The "judge" is the model responsible for actually doing the comparison between the two model responses.
This functionality is encapsulated in the LLMJudgeRunner
from the
llm_comparator.llm_judge_runner
module. It requires a generator model that
conforms to the GenerationModelHelper
protocol in order to call an LLM to
generate their judgements of which of the two model responses is better for
every prompt.
We provide a default judge prompt in
llm_comparator.llm_judge_runner.DEFAULT_LLM_JUDGE_PROMPT_TEMPLATE
, and you can
use the llm_judge_prompt_template=
parameter to provide a custom prompt that
may better suit your needs at initialization time. Prompts should require the
judge to phrase its responses in a simple XML format that includes the verdict
and an explanation
, to enable downstream processing by the buletizer and
clusterer.

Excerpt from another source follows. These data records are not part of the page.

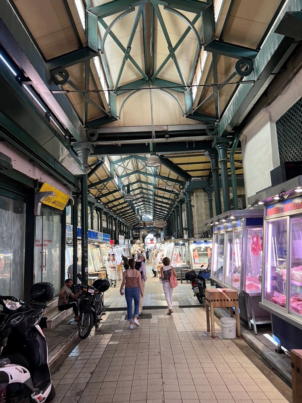 Dann ging es durch die Markthallen, wo es in Vitrinen frisch gehaltenes Fleisch gab.
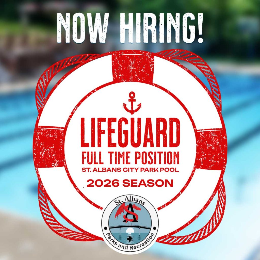 The City of St. Albans Parks & Recreation Department is accepting applications for Lifeguard positions for the 2026 pool season. Several positions are available.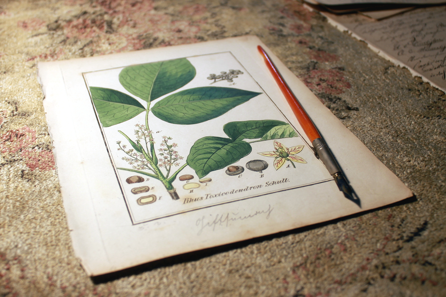 In addition original vintage handwritten notes (most probably German currenta handwriting) are written under the illustration – an amazing connection with the past – living history.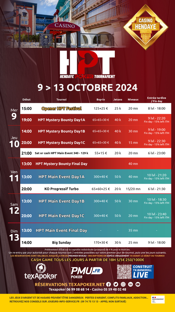 ¡Texapoker regresa al Casino d'Hendaye con el Hendaye Poker Tournament! Al igual que en todos los torneos TPS, los tickets ganados en PMU.fr se pueden utilizar en todos los torneos.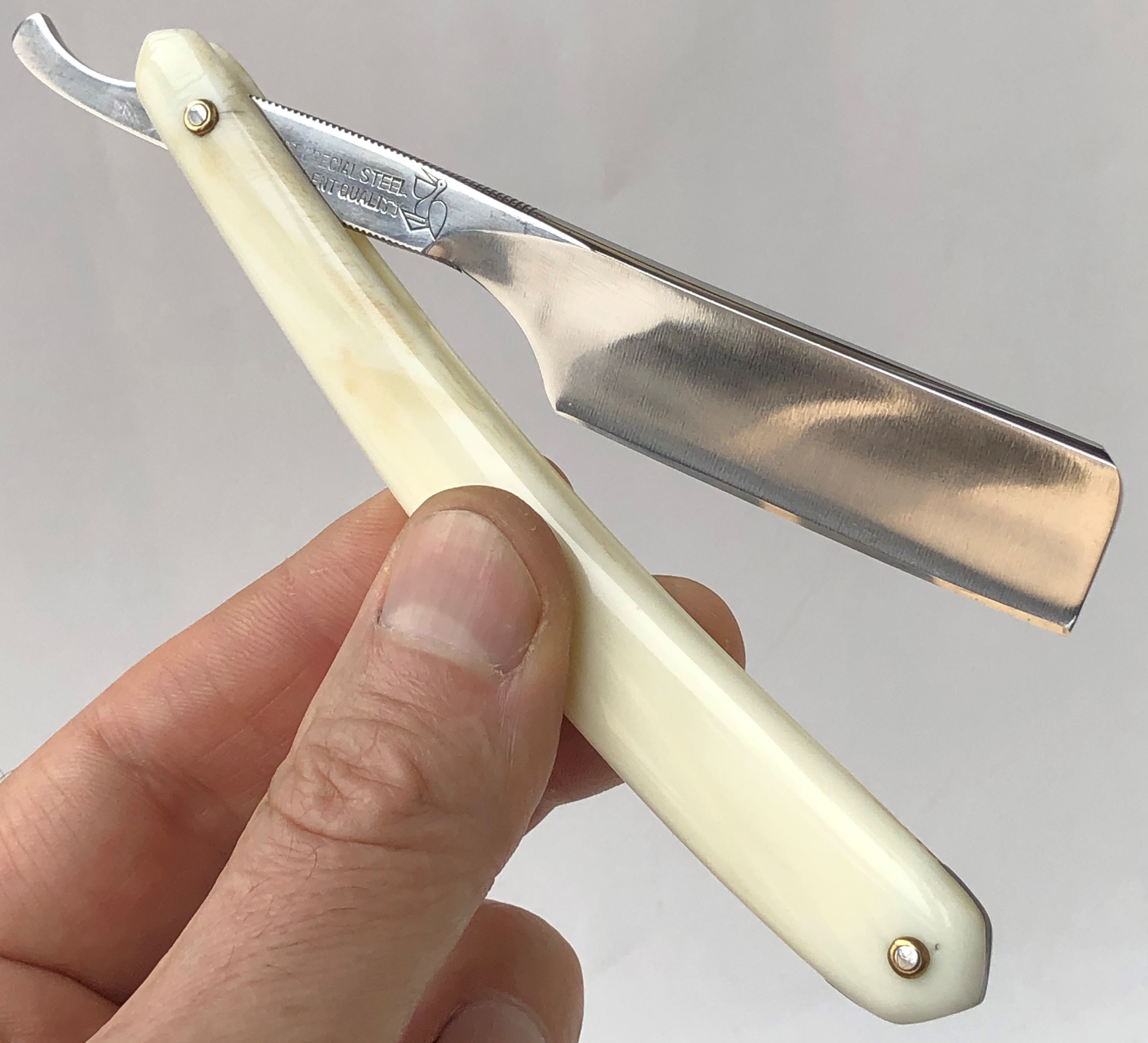 Ширина полотна-19.1 мм. Толщина обушка-4.5 мм. Полная вогнутость. Углеродистая сталь. Бритва в пользовании не была, но пришлось произвести минимальные, косметические работы.Были добавлены внутренние шайбы.Хорошая геометрия клинка.Сталь чистая, без видимых дефектов. Заточена и готова к бритью. Цена-4850 р с доставкой.ПРОДАН Spoiler Show Spoiler Show Spoiler Show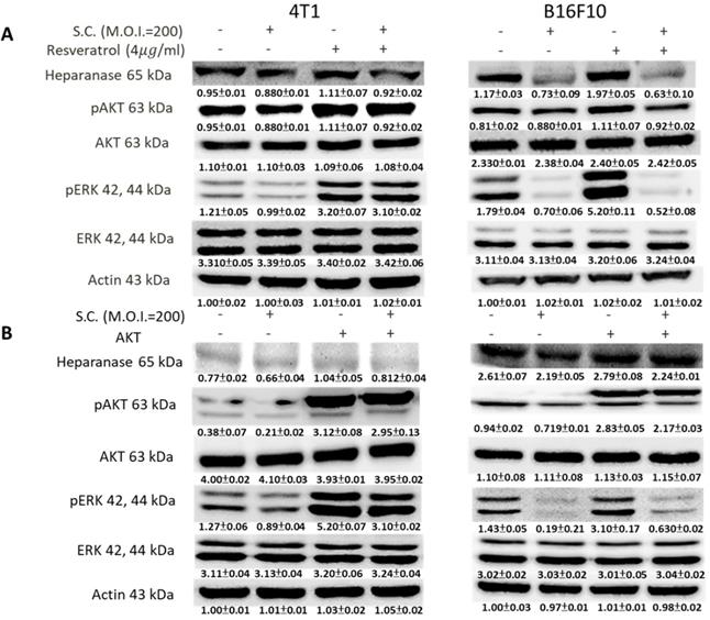 The ERK and AKT signaling pathways were participated in Salmonella (S.C.)-mediated HPSE expression. (A) The 4T1 and B16F10 cells were infected with Salmonella (MOI = 200) at the concentration of 5 µg/mL for 2 h with resveratrol. The protein expression in 4T1 and B16F10 cells was measured. (B) The 4T1 and B16F10 cells were transfected with an active AKT plasmid. The cells were treated with Salmonella (MOI = 200) for 1.5 h after 16 h. The various protein expressions in 4T1 and B16F10 cells was measured. The immunoblotting assay was repeated three times with similar results. Inserted values indicated relative proteins expression in comparison with β-actin.

Note that if you do provide a custom prompt, you can use the
rating_to_score_map=
parameter to ensure judgement verdict
s can be mapped to
numeric values.
<result>
<explanation>YOUR EXPLANATION GOES HERE.</explanation>
<verdict>A is slightly better</verdict>
</result>
The same judge is run multiple times during each comparative analysis to get a
diversity of ratings. This can be configured via the num_repeats=
key of the
optional judge_opts=
dictionary passed to llm_comparator.comparison.run()
.
By default, we call the judge 6 times.
A "bulletizer" condenses the results provided by the judge into a set of bullets to make them easier to understand and consume in the UI.
This functionality is encapsulated in the RationaleBulletGenerator
from the
llm_comparator.rationale_bullet_generator
module. It requires a generator
model that conforms to the GenerationModelHelper
protocol in order to call an
LLM to generate the bulleted summaries.
The primary configuration is the win_rate_threshold=
parameter, which can be
configured per-comparative evaluation run via the bulletizer_opts=
dictionary
passed to llm_comparator.comparison.run()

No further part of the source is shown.